| AVAILABLE DATA |
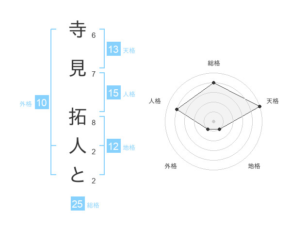 寺見 拓人とさんの天格は13画の5点!
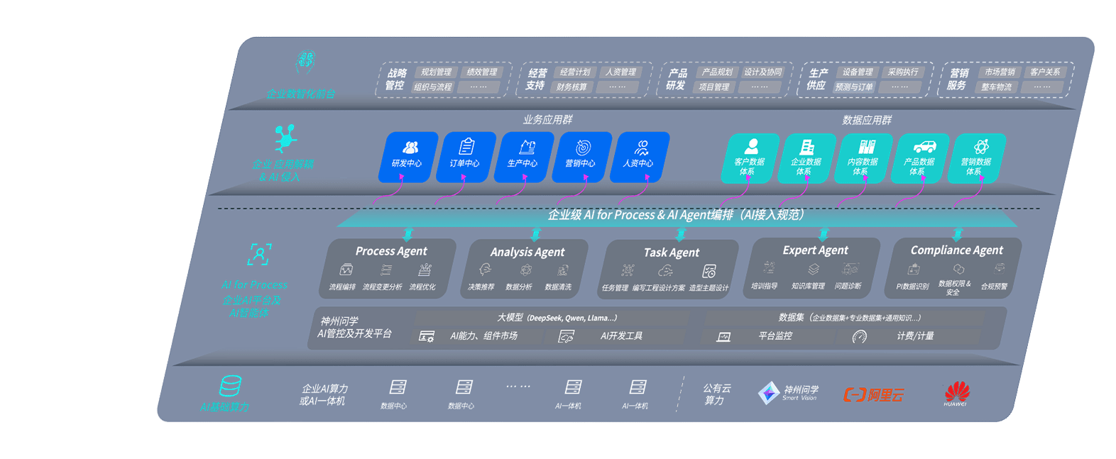 君临国际问学智车解决方案是一套基于AI技术的汽车行业智能化系统,,覆盖从底层算力到顶层AI应用的全栈方案。。。方案由算力层、、、、模型层和应用层组成:算力层,,,,方案支持多种一体机配置,,具备云端灵活部署、、、多云适配以及动态优化计算资源的能力;模型层,,,君临国际问学平台版提供了企业级AI应用一站式构建与管理平台,,,,支持基于后训练强化技术的汽车企业专属模型的训练、、、评测和运营;应用层,,,,君临国际问学DeepSeek版提供包括超级员工、、、智能招采、、、智能营销、、、、智能客服、、、、AI for BI等一系列解决方案,,可助力汽车行业实现数字化转型,,,,让管理更智能、、、、响应更敏捷。。。。
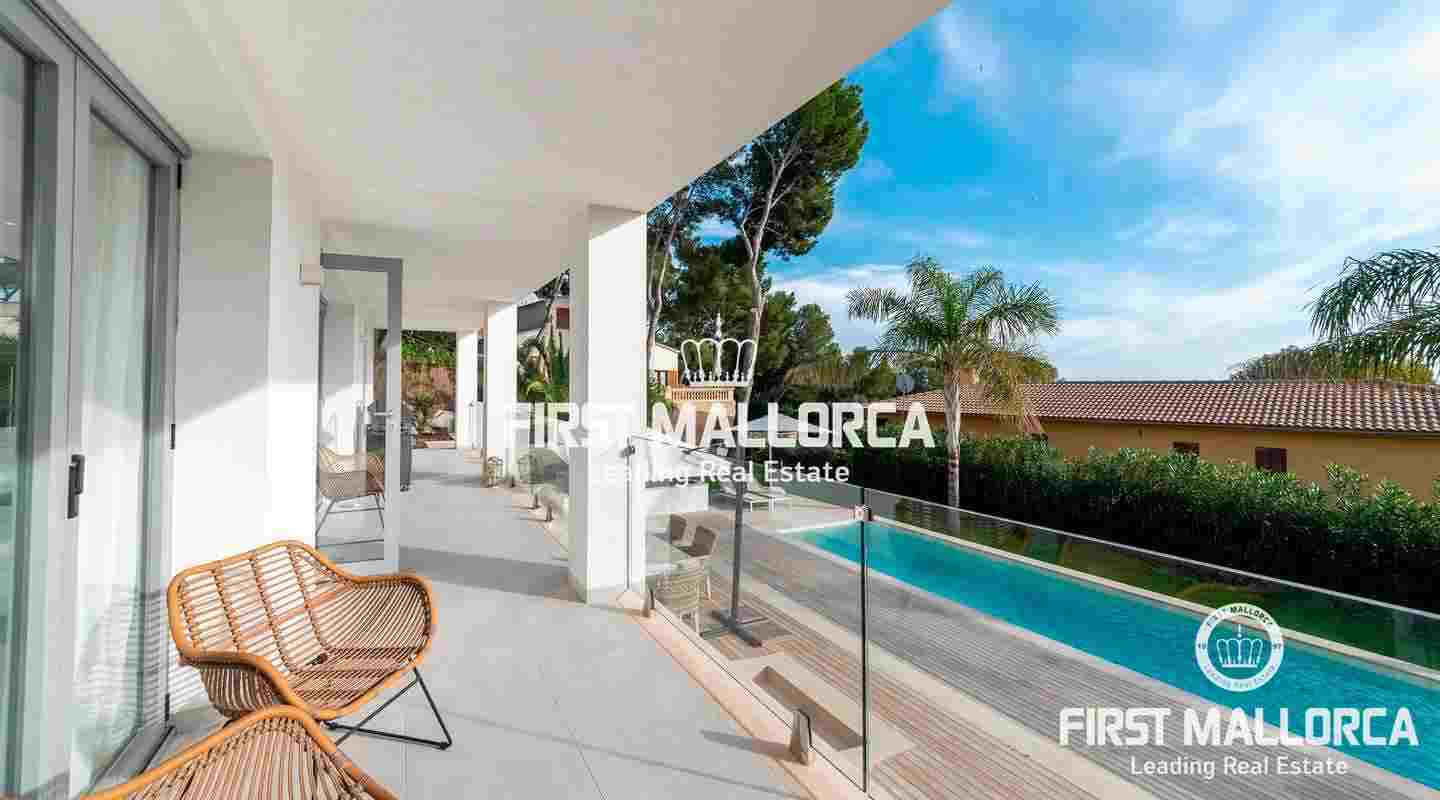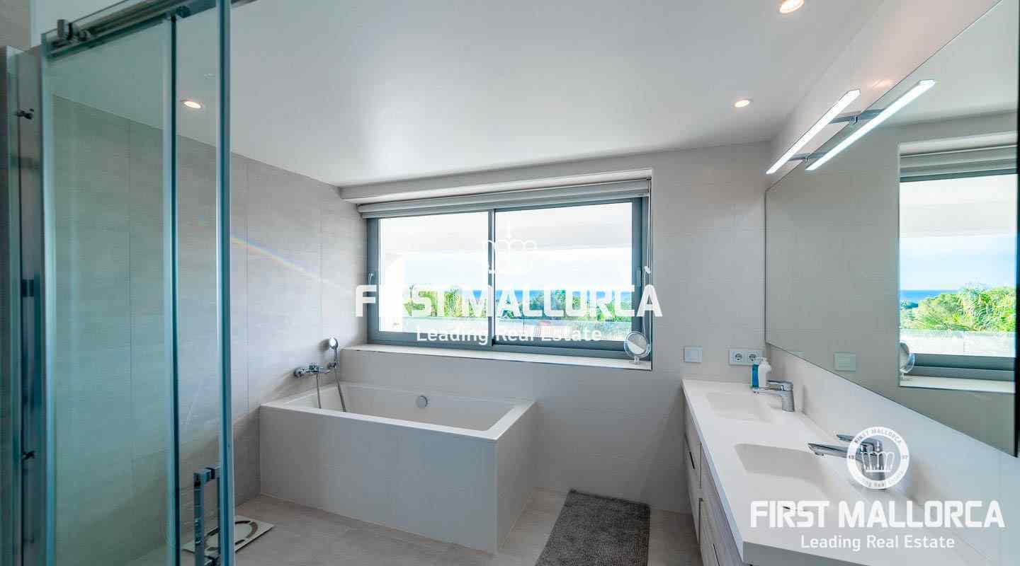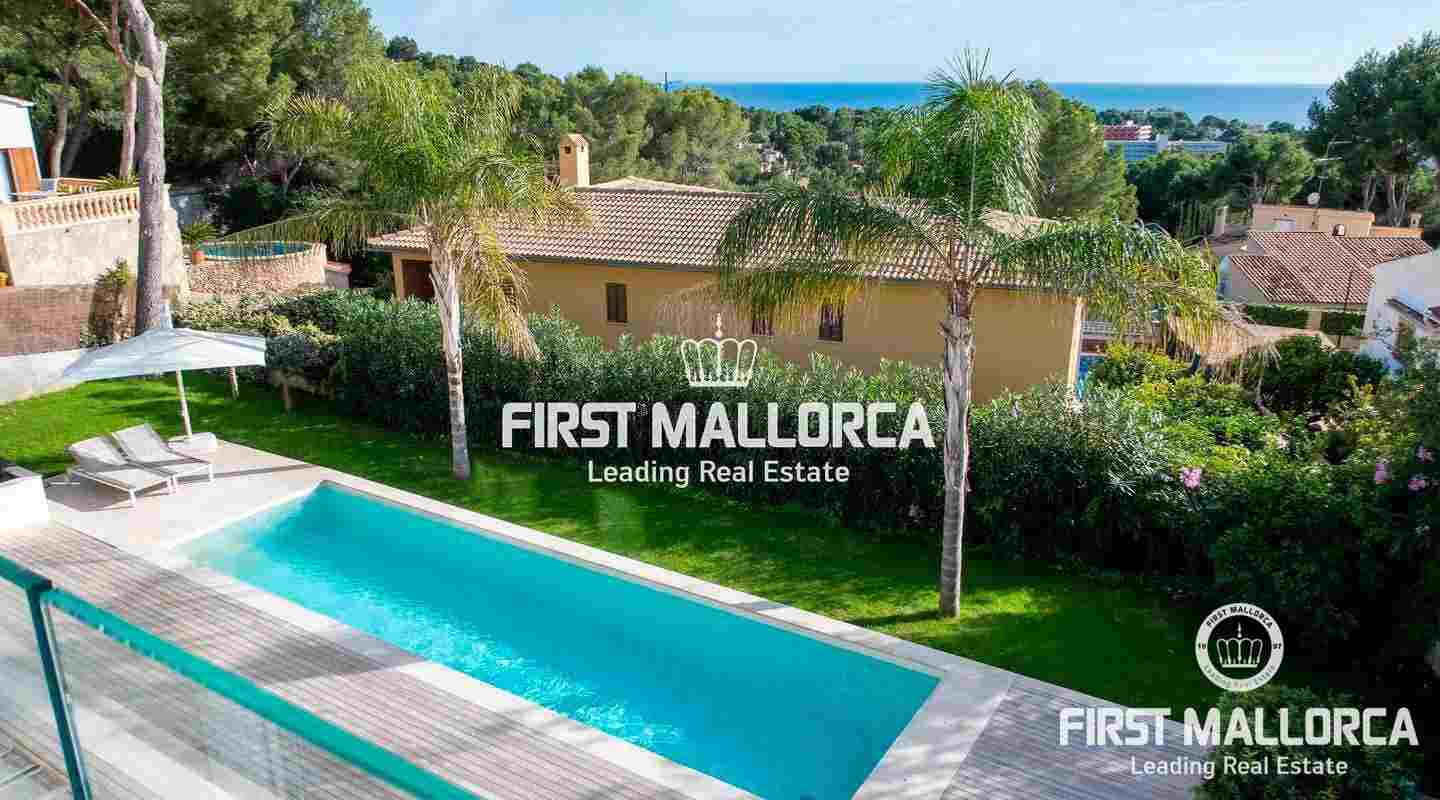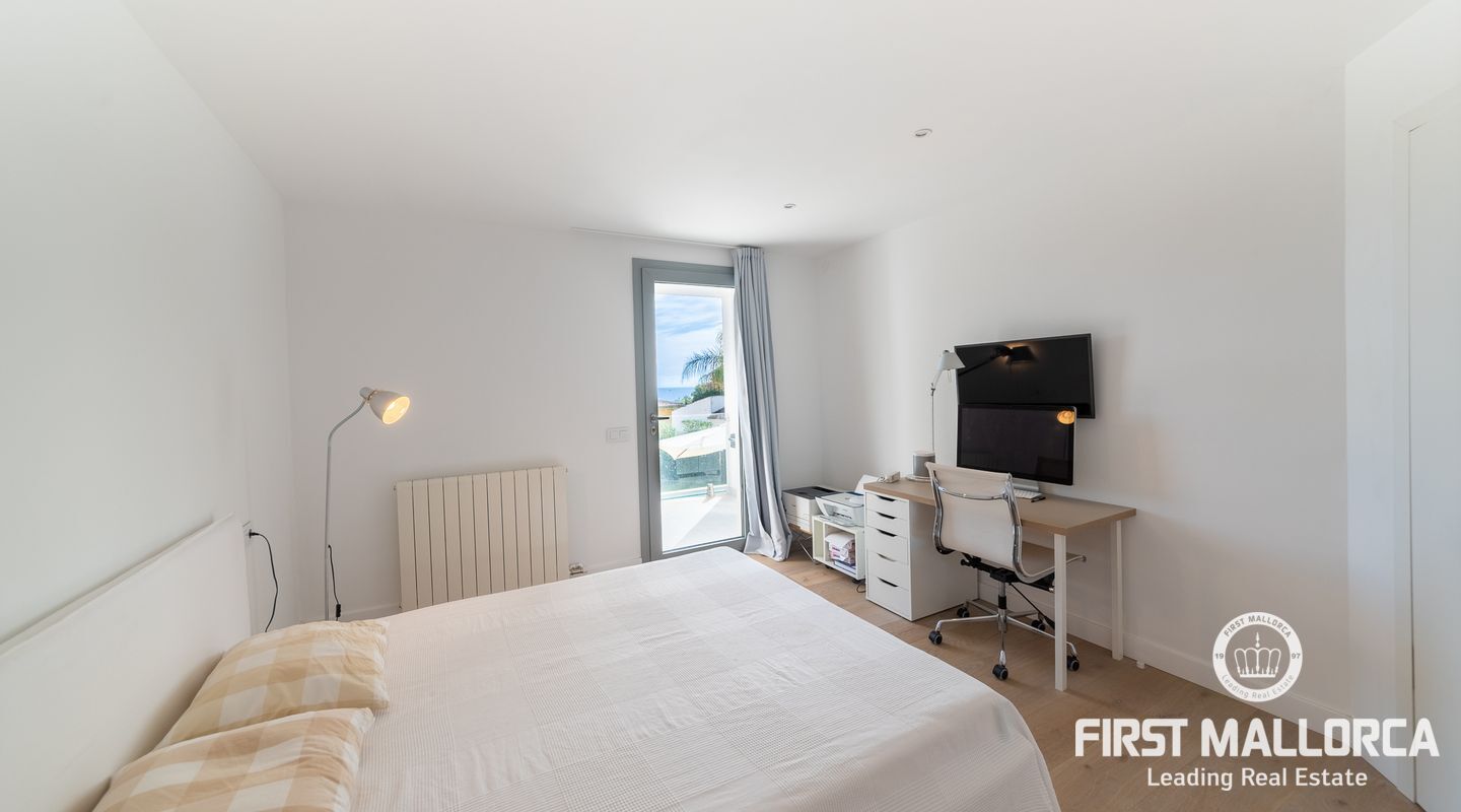 Denna eleganta villa med havsutsikt i Costa d'en Blanes har nyligen moderniserats helt och hållet enligt nya byggnormer och imponerar nu med sin moderna och fräscha design. Fastigheten som vetter mot söder har ett stort, platt utomhusområde med pool och gräsmattor, vilket gör den särskilt lämplig för familjer, men också för alla som älskar utomhuslivet och vill njuta av den mallorcanska solen. På bottenvåningen i den ljusa villan finns det öppna vardagsrummet och matplatsen med ett öppet kök samt ett sovrum och ett badrum. De övriga 3 sovrummen och badrummen ligger på övervåningen och är kopplade till en täckt terrass från vilken du har en underbar utsikt över Medelhavet. Fastigheten har en högkvalitativ interiör och är utrustad med luftkonditionering, centralvärme, vattenfilter, utrustat kök med Neff-apparater och ett garage. Dessutom finns det tillräckligt med förvaringsutrymme i källaren, en vinkällare och ytterligare ett stort rum som skulle kunna användas som till exempel ett gym.

| TASK ITEM |
Leave the pictures out and restate the listing word for word.

| REPLY TO THE TASK |
 寺見 拓人とさんの天格は13画の5点!
 君临国际问学智车解决方案是一套基于AI技术的汽车行业智能化系统,,覆盖从底层算力到顶层AI应用的全栈方案。。。方案由算力层、、、、模型层和应用层组成:算力层,,,,方案支持多种一体机配置,,具备云端灵活部署、、、多云适配以及动态优化计算资源的能力;模型层,,,君临国际问学平台版提供了企业级AI应用一站式构建与管理平台,,,,支持基于后训练强化技术的汽车企业专属模型的训练、、、评测和运营;应用层,,,,君临国际问学DeepSeek版提供包括超级员工、、、智能招采、、、智能营销、、、、智能客服、、、、AI for BI等一系列解决方案,,可助力汽车行业实现数字化转型,,,,让管理更智能、、、、响应更敏捷。。。。
 Denna eleganta villa med havsutsikt i Costa d'en Blanes har nyligen moderniserats helt och hållet enligt nya byggnormer och imponerar nu med sin moderna och fräscha design. Fastigheten som vetter mot söder har ett stort, platt utomhusområde med pool och gräsmattor, vilket gör den särskilt lämplig för familjer, men också för alla som älskar utomhuslivet och vill njuta av den mallorcanska solen. På bottenvåningen i den ljusa villan finns det öppna vardagsrummet och matplatsen med ett öppet kök samt ett sovrum och ett badrum. De övriga 3 sovrummen och badrummen ligger på övervåningen och är kopplade till en täckt terrass från vilken du har en underbar utsikt över Medelhavet. Fastigheten har en högkvalitativ interiör och är utrustad med luftkonditionering, centralvärme, vattenfilter, utrustat kök med Neff-apparater och ett garage. Dessutom finns det tillräckligt med förvaringsutrymme i källaren, en vinkällare och ytterligare ett stort rum som skulle kunna användas som till exempel ett gym.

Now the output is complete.